Heat conduction and thermomolecular orientation in diatomic fluids: a non-equilibrium molecular dynamics study

We investigate heat transfer in fluids consisting of diatomic molecules in a wide range of thermodynamic conditions, from densities and temperatures characteristic of the liquid state to supercritical conditions. The interactions are modelled using a two-centre Lennard-Jones model, which enable us to quantify the impact that the incorporation of dispersion interactions has on the recently reported thermo-molecular orientation effect [F. Romer, F. Bresme, J. Muscatello, D. Bedeaux, and J. M. Rubi, Phys.
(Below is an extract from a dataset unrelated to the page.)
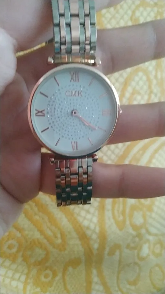 Отправили часы быстро. Пришли на 3 дня позже, чем обещали. Вид часов разочаровал. Не совпадает с фото. На циферблате не стразы, а блёстки, браслет покрашен неаккуратно, поцарапан под пленкой. Надпись на циферблате другая - CMK. Если это подделка недорогая, то не нужно это скрывать, вводить в заблуждение.

Rev. Lett. 108 (2012), p. 105901]. The temperature gradient imposes a preferred orientation on the molecules. The orientation is stronger in the liquid state and for heteronuclear molecules featuring a large asymmetry in the diameters of the two atoms. We also analyse the microscopic mechanism of heat transport. The transport mechanism is dominated by collisional terms, hence following the general trend observed in liquids. The larger site in the molecule transports a larger amount of energy, the latter being proportional to the site exposed area. We also show that the molecular anisotropy has a large impact on the reduced thermal conductivity of the fluid, being larger for homonuclear molecules. The treatment of the molecules intramolecular bonds, rigid or flexible, does not have a significant impact on the thermal conductivity of the fluid.